El recurso extraordinario de revisión es un medio excepcional de impugnación de actos administrativos firmes. Es decir, se trata de decisiones de la administración contra las que ya no cabe ningún recurso ordinario, pero que, cuando concurren unas causas especialmente graves o relevantes, pueden reabrirse.
Este mecanismo está regulado en la Ley 39/2015, de 1 de octubre, del Procedimiento Administrativo Común de las Administraciones Públicas, concretamente en su artículo 125.
El fin de este recurso no es revisar criterios de conveniencia o meras discrepancias interpretativas.
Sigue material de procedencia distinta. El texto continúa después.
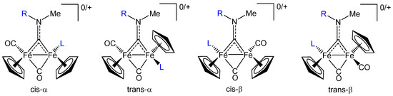 Remarkably, complexes of type 1, and their cationic derivatives, are normally air-stable and rather inert in aqueous solutions, and these features have recently fueled the exploration of their potential use in medicine [27,28,29] and catalysis [30,31,32]. The replacement of one or two carbonyls from 1 is key to their derivatization, including C-C and C-N coupling reactions involving the carbyne center [24,25,33]. However, the simple introduction of one terminal ligand (L) different from CO may produce a significant impact on the physicochemical properties and aqueous stability of the resulting diiron aminocarbyne compounds [29,34]. In principle, the CO/L mono-substitution reaction may generate cationic or neutral adducts (depending on the charge of L) existing in different isomeric forms, i.e., cis and trans isomers (with reference to the mutual geometry of the Cp rings with respect to the Fe-Fe axis), and α and β isomers (with reference to the mutual orientation of L and the aminocarbyne R substituent), as seen in Scheme 2 [24,25]. Relevant to the latter point, it should be noted that the α/β isomerism, arising from the double bond nature of the carbyne–nitrogen linkage, may be not observed when both R and L are bulky units (i.e., the α isomer largely prevails) [35,36], and disappears when R = Me. In contrast, cis isomers are usually more stable than the corresponding trans isomers, the latter being observed due to a combination of steric and electronic factors [25,37]. The interconversion in solution between trans and cis forms, and consequently between α and β forms, is practicable in certain cases under thermal treatment, and possibly obeys the Adams–Cotton mechanism whereby ligands undergo site exchange through open-bridged structures [37,38,39,40].

No se trata, en ningún caso, de declarar la ilegalidad general del acto, sino que, basándose en errores de hecho o vicios muy graves, se justifica realizar una revisión del acto, a pesar de su firmeza. Se refiere a situaciones en las que se considera que, de haber contado desde un principio con determinada información, la decisión habría sido distinta y el acto no hubiese llegado a ser aprobado.
Se pretende, en realidad, deshacer los efectos de actos que gozaban de firmeza, cuando se demuestra que fueron dictados sobre premisas gravemente erróneas, o con base en situaciones injustas o ilícitas. De esta forma, aunque el acto ya sea firme, puede rescindirse y restablecerse una situación legítima para quien lo solicita.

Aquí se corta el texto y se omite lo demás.